While the stock market is still under pressure, a potential rebound is expected in 2023. Pia Haak, chief investment officer at Swedbank Robur, Sweden's biggest fund manager, said, "We will have better visibility coming into 2023, and this will hopefully help markets." Moreover, according to Refinitiv IBES, consensus estimates project S&P 500 earnings to rise 4.4% in 2023.

On the other hand, value stocks have significantly outperformed growth stocks in 2022, and the momentum is slated to persist in 2023. Investors' interest in value stocks is evident from the Vanguard Russell 1000 Value ETF's (VONV) 10.1% returns over the past three months.

Given the backdrop, it could be wise to buy and hold fundamentally strong stocks Stellantis N.V. (STLA), Celestica Inc. (CLS), LSI Industries Inc. (LYTS), and Bassett Furniture Industries, Incorporated (BSET), which seem to be trading at a discount, ahead of 2023. These stocks are trading under $20.

Stellantis N.V. (STLA)

STLA designs, engineers, manufactures, distributes, and sells automobiles and light commercial vehicles, engines, transmission systems, metallurgical products, and production systems worldwide.

On December 23, 2022, STLA announced its plans to acquire a stake in Symbio, a Faurecia Michelin hydrogen company and leader in fuel cell technologies for the mobility industry.

Also, on December 22, 2022, STLA acquired aiMotive, a leading developer of advanced artificial intelligence and autonomous driving software. Such lucrative acquisitions are expected to bolster the company's future productivity.

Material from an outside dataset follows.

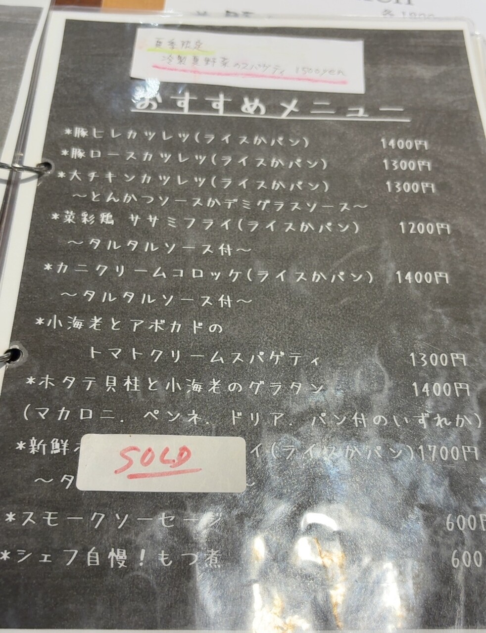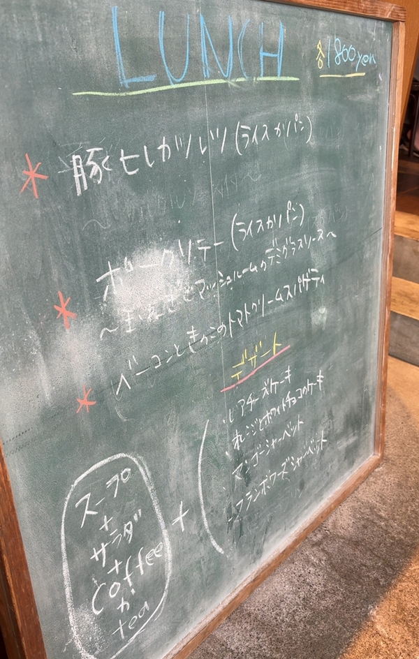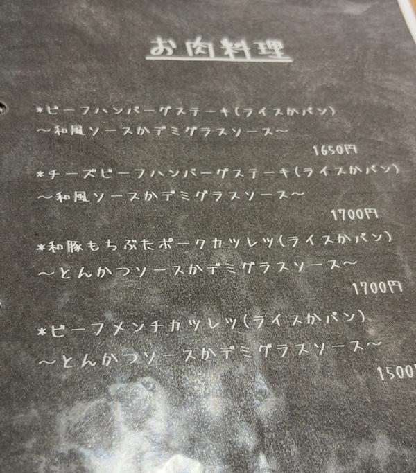 ガッツリ行こうと思ったので、ランチセットの中からポークソテーかな…。

STLA's consolidated shipments came in at 1,281,000 units for the 2022 third quarter, up 13.3% year-over-year. Its net revenues came in at €42.10 billion ($44.70 billion), up 29.1% year-over-year, while its North American net revenues came in at €21.07 billion ($22.37 billion), up 35.7% year-over-year.

STLA's forward EV/Sales of 0.13x is 88% lower than the industry average of 1.11x. Its forward Price/Sales of 0.24x is 71.2% lower than the industry average of 0.83x.

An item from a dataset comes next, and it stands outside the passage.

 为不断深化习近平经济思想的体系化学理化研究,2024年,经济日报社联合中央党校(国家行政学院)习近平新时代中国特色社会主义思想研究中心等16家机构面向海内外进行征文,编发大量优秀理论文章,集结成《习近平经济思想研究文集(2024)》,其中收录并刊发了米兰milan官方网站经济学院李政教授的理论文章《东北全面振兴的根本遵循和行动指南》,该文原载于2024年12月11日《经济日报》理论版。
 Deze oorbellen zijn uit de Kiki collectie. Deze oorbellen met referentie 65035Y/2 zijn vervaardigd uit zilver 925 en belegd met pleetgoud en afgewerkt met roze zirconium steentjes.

For fiscal 2022, STLA's revenue and EPS are expected to rise 9.3% and 2.5% year-over-year to $187.95 billion and $5.77, respectively. The stock has gained 13.7% over the past three months to close the last trading session at $14.00.

STLA's POWR Ratings reflect this promising outlook. The stock has an overall A rating, which equates to a Strong Buy in our proprietary rating system. The POWR Ratings assess stocks by 118 different factors, each with its own weighting.

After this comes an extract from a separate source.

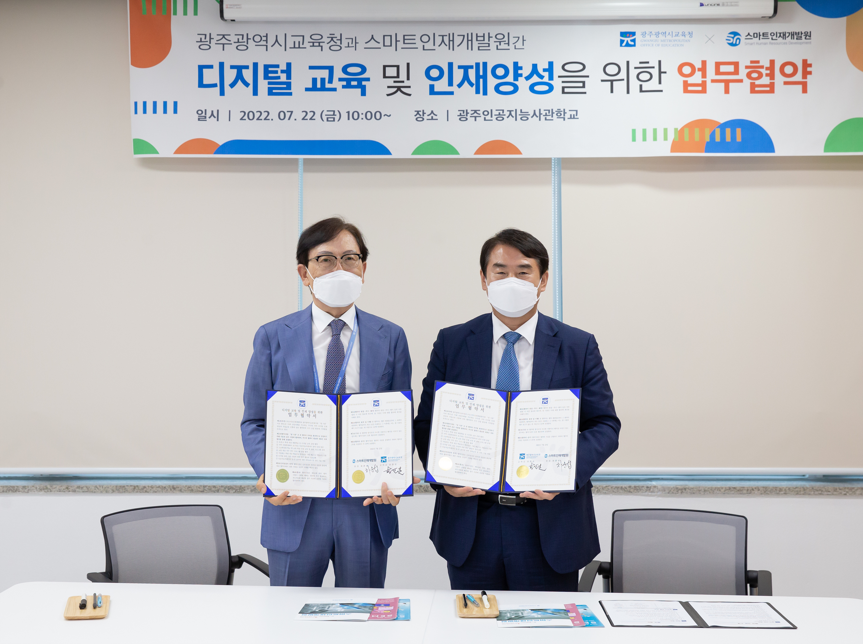 광주교육청이 22일 인공지능 분야를 포함한 디지털 교육 및 인재 양성을 위해 (사)스마트인재개발원(원장 차준섭)과 ‘광주인공지능사관학교’에서 업무협약을 맺었다.

Also, the stock has an A grade for Value and a B for Stability and Sentiment. Within the Auto & Vehicle Manufacturers industry, it is ranked #8 out of 62 stocks. Click here for the additional POWR Ratings for Growth, Momentum, and Quality for STLA.

Celestica Inc. (CLS)

Headquartered in Toronto, Canada, CLS provides hardware platform and supply chain solutions in North America, Europe, and Asia. It operates through two segments, Advanced Technology Solutions; and Connectivity & Cloud Solutions.

On October 24, 2022, Rob Mionis, CLS' President and CEO, said, "The strong performance in recent quarters continues to be driven by new project ramps in our ATS segment and strong demand with market share gains in our Hardware Platform Solutions business."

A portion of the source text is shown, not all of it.